** Opening Dataset excerpts block **
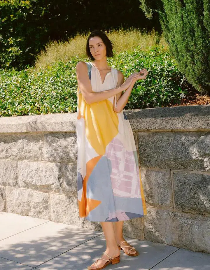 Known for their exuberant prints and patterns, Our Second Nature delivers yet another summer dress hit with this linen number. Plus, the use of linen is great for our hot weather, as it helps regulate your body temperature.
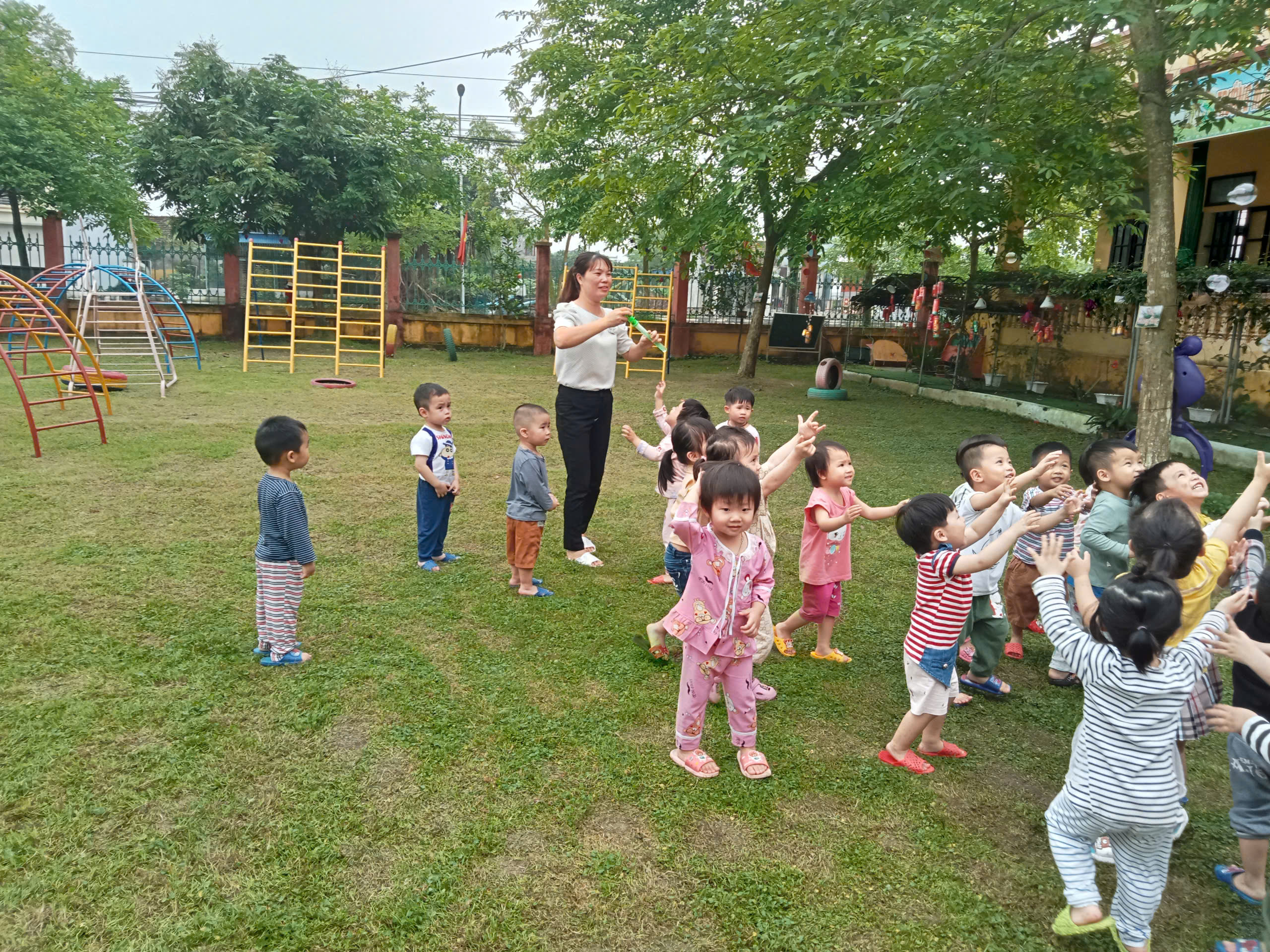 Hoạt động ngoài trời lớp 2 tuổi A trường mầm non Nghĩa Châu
** Closing Dataset excerpts block **
** Opening Dataset excerpts block **
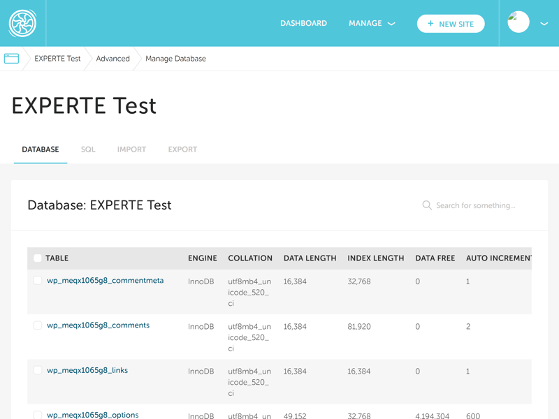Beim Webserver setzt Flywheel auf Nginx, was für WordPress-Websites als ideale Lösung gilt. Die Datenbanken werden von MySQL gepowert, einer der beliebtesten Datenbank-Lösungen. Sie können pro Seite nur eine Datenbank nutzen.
** Closing Dataset excerpts block **
Action item: Please repeat the lines of the material above exactly, starting with the line that contains "Known for their" and ending with the line that contains "Hoạt động ngoài". Leave the pictures out.

Exercise solution:
 Known for their exuberant prints and patterns, Our Second Nature delivers yet another summer dress hit with this linen number. Plus, the use of linen is great for our hot weather, as it helps regulate your body temperature.
 Hoạt động ngoài trời lớp 2 tuổi A trường mầm non Nghĩa Châu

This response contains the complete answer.